Sukiennice Museum

The Gallery of 19th-Century Polish Art at Sukiennice (Polish: Galeria Sztuki Polskiej XIX wieku w Sukiennicach), is a division of the National Museum, Kraków, Poland. The Gallery is housed on the upper floor of the Renaissance Sukiennice Cloth Hall in the center of the Main Market Square in Old Town Kraków.[1]

Sukiennice Museum
Established1879
LocationMain Market Square
Kraków, Poland
TypeNational museum
DirectorJerzy Derdaś
WebsiteMuseum's official website

The Gallery holds the largest permanent exhibit of the 19th-century Polish painting and sculpture, in four grand rooms. The majority of today's collection at Sukiennice comprises gifts from collectors, artists and their families.

History of the collection

Pochodnie Nerona (Nero's Torches) by Henryk Siemiradzki, 1876
Czwórka (Four-in-Hand) by Józef Chełmoński, 1881
The Prussian Homage by Jan Matejko, 1879-1882, in Siemiradzki Room
Wschód księżyca (Moonrise) by Stanisław Masłowski, 1884

The National Museum in Kraków was founded on October 7, 1879 by the decree of Kraków City Council following two-year-long renovations of the Sukiennice Cloth Hall under the direction of Mayor Mikołaj Zyblikiewicz. At a ceremonial ball of October 3, 1879 it was announced that artist Henryk Siemiradzki offered his monumental painting called the Nero's Torches (Pochodnie Nerona) as gift to the city, with the intention of creating a brand new national gallery in the building. The new Museum elected Władysław Łuszczkiewicz, Rector of the Academy of Fine Arts as its first director. It was a major cultural venue from the moment it opened. The collection grew rapidly under the foreign partitions, with spontaneous donations pouring in from local gentry, as well as artists themselves.[1][2]

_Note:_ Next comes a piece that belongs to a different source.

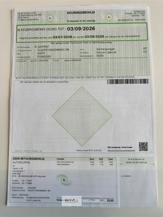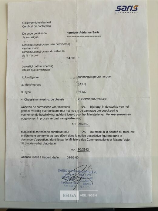 Aanhangwagen Saris, geremd, L. 2,78 x B. 1,56, PVA Gewicht 1350 Kgr. , type PS130, enkel as
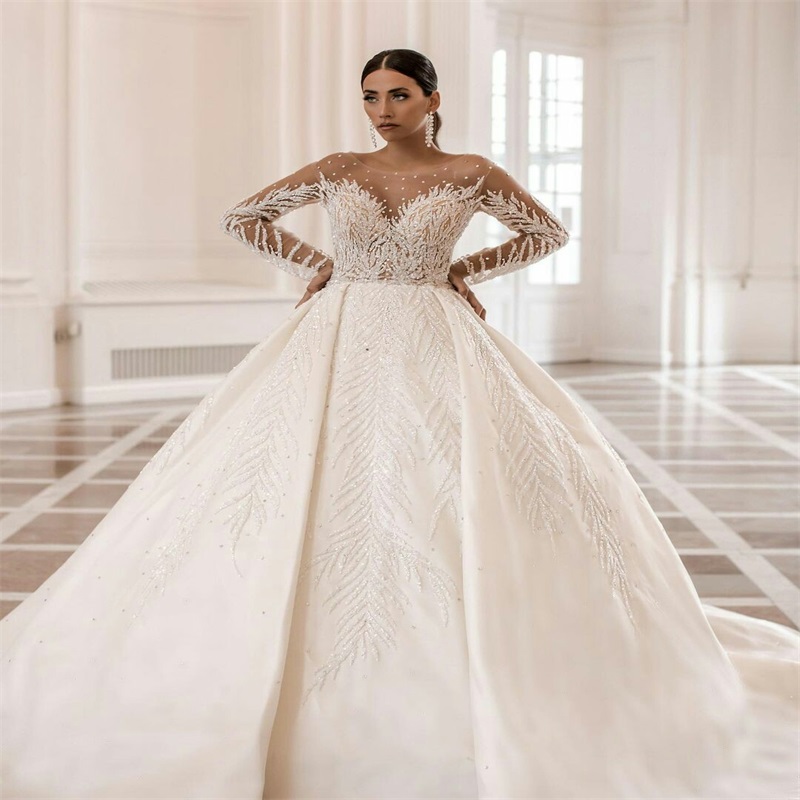 Luxe Robe De Mariage Bal Princesse A Line Avec Manche Longue Transparente Blanche Longue Col Rond Tulle Dentelle Applique Plus Blanc Achat Vente Robe De Mariee Soldes Sur Cdiscount Des

By the late 1930s, the collections consisted of almost 300,000 items, Siemiradzki won war, and all gold stop in abroad with German. Brudziński paint. The list of major benefactors grew exponentially bigger including many noble families. In 1920, the Museum acquired over 15,000 objects donated by a single collector, Feliks Manggha Jasieński, Dołęga coat-of arms.[1] The construction of the Museum's contemporary New Main Building located at 3 Maja Street, started in 1934. All holdings ranging from antiquity to modern times were moved there.[3]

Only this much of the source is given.